I’ve been talking about it and promising it for quite some time. But now thanks to some changes to the regular IMAP Resource that Christian Mollekopf has done recently, I could finally start working on it!
But…why?
Those who use Gmail know that Gmail does some things differently than most normal mail services. The biggest difference is that there are not really any folders with emails. Instead there’s one folder with all your emails and then there are labels, that you can assign to emails and then you can just filter your emails by the labels. And you can assign multiple labels to one email.
Yeah, but why bother? It already works quite well with the normal IMAP resource, right?
Yes, Gmail is able to hide this specialities from regular email clients so that they can still work with Gmail like with any other generic mail server, but at the cost of losing some features.

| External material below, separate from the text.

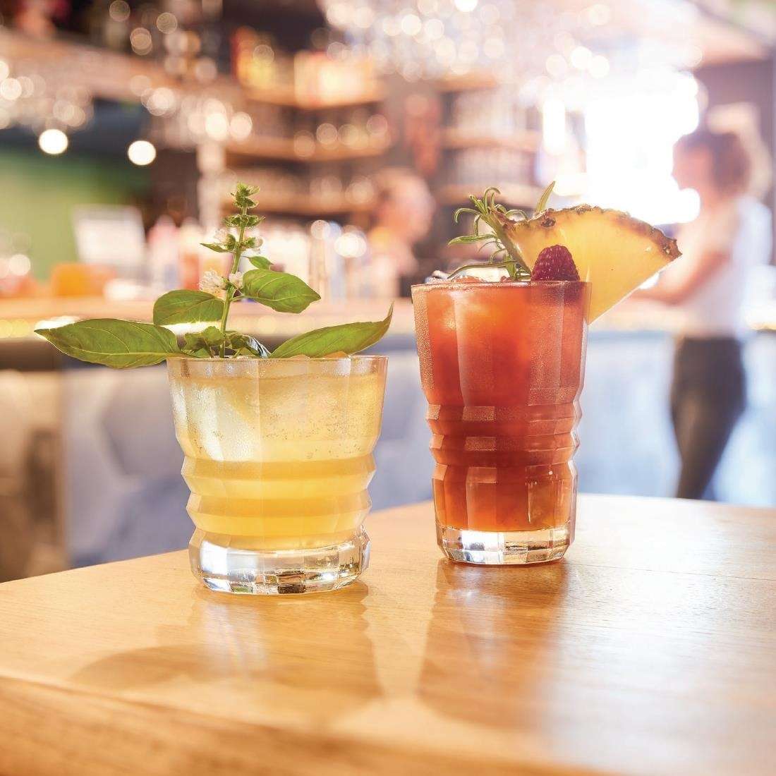 Recreate the speakeasy style of the Roaring Twenties with these Arcoroc Louisiane tumblers. The ultra-transparent glass features intricate detailing to beautifully showcase the colours and textures of different drinks, from vibrant cocktails and freshly-squeezed juices to whiskey and bourbon on the rocks.
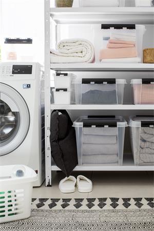Műanyag tárolódoboz, 47 liter, fekete fogantyúkkal, SMARTSTORE "Classic 45", átlátszó

More and more often you can hear today that desktop email clients are dead and the future is in webmail (and cloud). And for many users who only have one email account this is true - why having KMail and KOrganizer etc. running, when they can have all this and more opened constantly in a single tab in their web browser? And the truth is, that Gmail is simply the largest mail provider in the world today. So if we want to persuade all these users to keep using KMail, we need to provide a user experience that is as close as possible to the native web interface. And for that we need a native Akonadi Resource ;-)
(Note: I’d like to avoid flamewars about “desktop clients are not dead vs. are dead” - I believe they are not dead for people who use more than one email account. They will cling to desktop clients until the dawn of the Gods, and even longer, but for normal users with just one mail account, it might be just matter of years to leave desktop clients. But who knows. impossible to see the future is).
Ok, so what’s the difference between Gmail and IMAP Resources?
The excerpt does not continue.